EXERCISE OBJECTIVE: Take the lines below from the one with "Dari TKP anggota" through the one with "TPS $TON после" and retype them exactly. Include nothing else, and no pictures.

EXCERPTED RECORDS:
- Opening Delimiter -

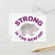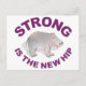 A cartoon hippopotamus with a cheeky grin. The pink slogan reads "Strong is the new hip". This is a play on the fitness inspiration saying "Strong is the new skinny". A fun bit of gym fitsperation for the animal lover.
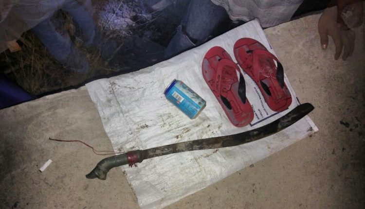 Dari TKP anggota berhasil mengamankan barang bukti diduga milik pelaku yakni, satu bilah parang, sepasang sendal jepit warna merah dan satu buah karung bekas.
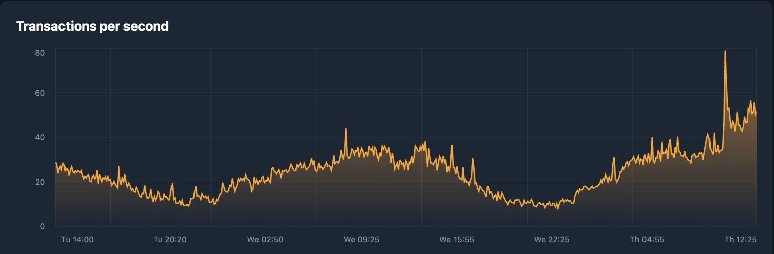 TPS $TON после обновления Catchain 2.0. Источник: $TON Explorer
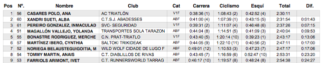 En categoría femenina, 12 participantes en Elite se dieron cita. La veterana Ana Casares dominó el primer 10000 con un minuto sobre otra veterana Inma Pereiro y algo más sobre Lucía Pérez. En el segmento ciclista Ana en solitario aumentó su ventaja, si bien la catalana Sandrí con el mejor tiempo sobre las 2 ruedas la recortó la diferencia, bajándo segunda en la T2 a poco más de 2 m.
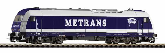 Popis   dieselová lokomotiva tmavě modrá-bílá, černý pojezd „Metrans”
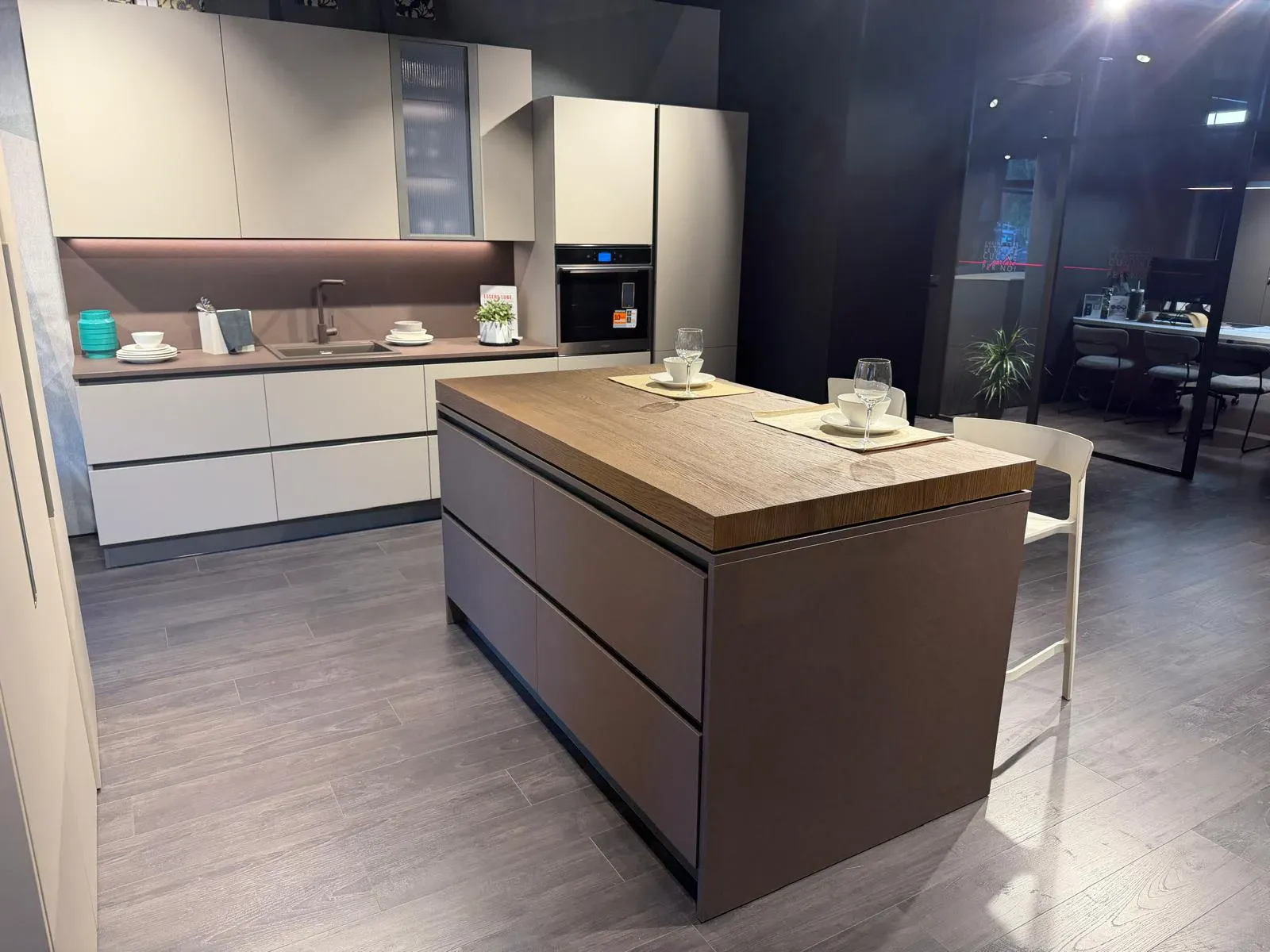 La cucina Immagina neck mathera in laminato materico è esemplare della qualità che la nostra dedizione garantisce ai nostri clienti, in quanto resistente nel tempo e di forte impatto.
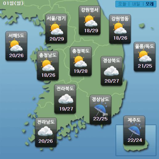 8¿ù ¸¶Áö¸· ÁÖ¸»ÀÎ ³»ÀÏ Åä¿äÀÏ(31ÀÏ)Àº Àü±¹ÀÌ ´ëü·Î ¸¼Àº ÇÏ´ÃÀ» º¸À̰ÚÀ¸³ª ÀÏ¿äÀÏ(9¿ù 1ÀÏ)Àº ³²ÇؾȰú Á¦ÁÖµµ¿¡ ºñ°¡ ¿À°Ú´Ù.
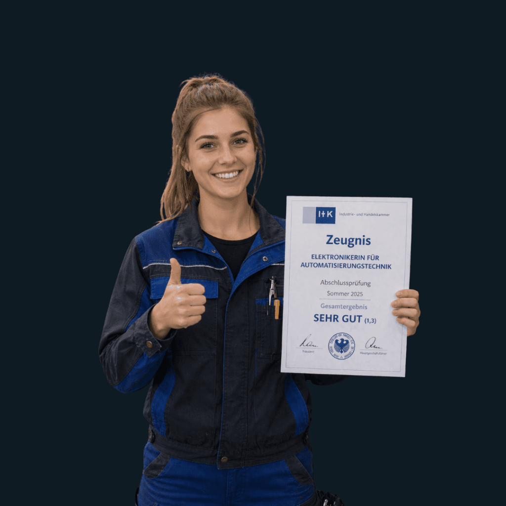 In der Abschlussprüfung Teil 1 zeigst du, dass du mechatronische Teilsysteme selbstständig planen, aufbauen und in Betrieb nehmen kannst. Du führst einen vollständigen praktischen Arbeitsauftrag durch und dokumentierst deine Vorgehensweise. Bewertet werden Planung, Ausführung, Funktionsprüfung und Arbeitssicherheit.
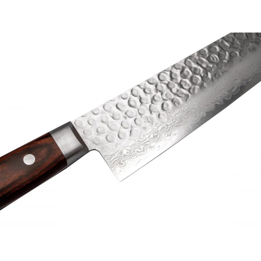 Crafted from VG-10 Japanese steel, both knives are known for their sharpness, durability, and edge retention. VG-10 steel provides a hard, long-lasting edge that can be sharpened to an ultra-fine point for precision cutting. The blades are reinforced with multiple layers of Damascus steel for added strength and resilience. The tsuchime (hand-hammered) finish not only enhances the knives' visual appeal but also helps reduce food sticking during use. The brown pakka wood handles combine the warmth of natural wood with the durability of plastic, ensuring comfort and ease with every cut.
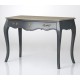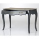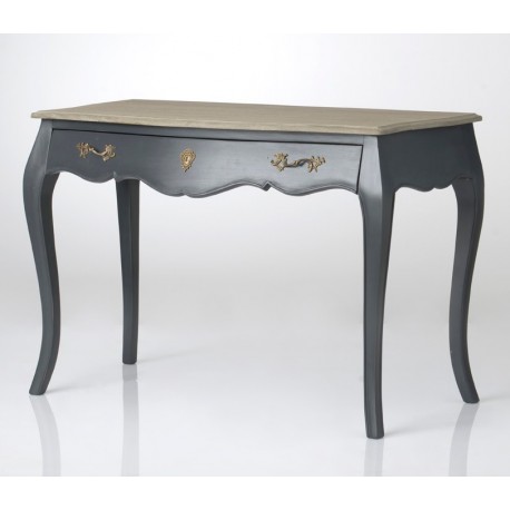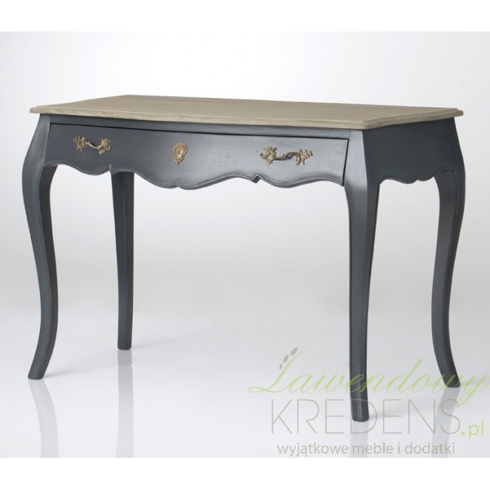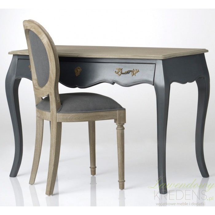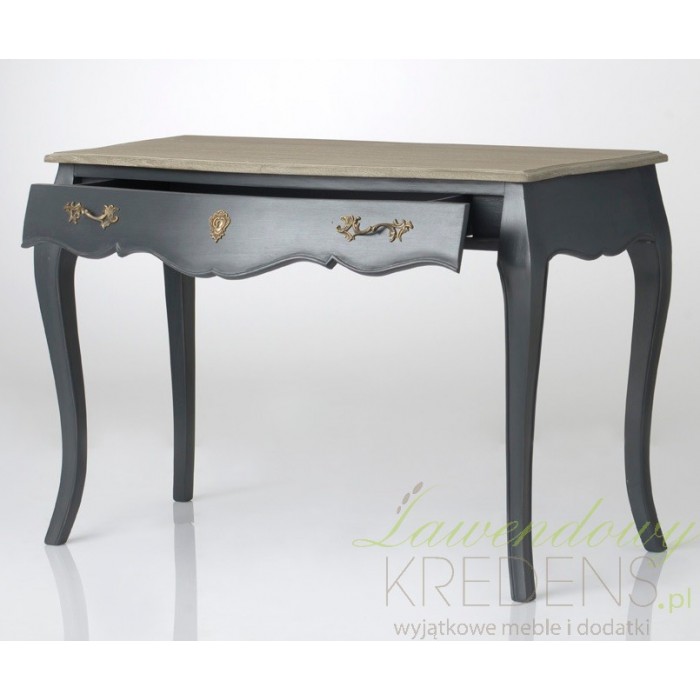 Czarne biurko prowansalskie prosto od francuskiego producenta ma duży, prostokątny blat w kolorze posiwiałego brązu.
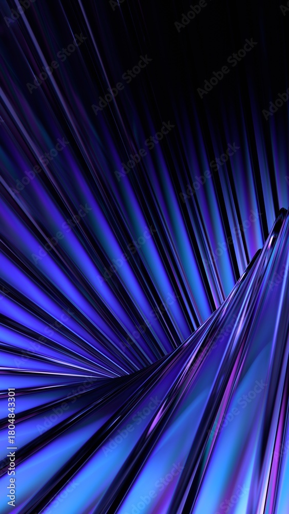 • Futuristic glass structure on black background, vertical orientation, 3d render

- Closing Delimiter -
- Opening Delimiter -

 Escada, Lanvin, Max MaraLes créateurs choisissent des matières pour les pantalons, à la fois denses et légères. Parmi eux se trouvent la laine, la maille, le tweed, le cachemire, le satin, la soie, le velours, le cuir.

- Closing Delimiter -
- Opening Delimiter -

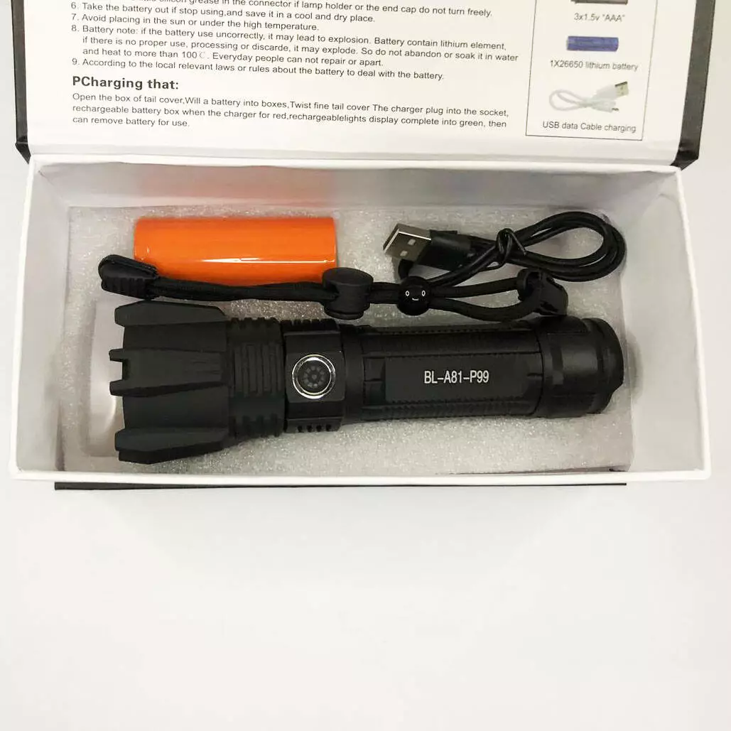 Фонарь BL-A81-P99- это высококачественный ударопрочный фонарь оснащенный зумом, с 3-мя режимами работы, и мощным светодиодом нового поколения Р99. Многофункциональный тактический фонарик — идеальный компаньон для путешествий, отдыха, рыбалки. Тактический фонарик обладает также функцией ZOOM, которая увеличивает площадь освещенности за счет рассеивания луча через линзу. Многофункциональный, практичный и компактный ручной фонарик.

- Closing Delimiter -

WRITTEN ANSWER:
 Dari TKP anggota berhasil mengamankan barang bukti diduga milik pelaku yakni, satu bilah parang, sepasang sendal jepit warna merah dan satu buah karung bekas.
 TPS $TON после обновления Catchain 2.0. Источник: $TON Explorer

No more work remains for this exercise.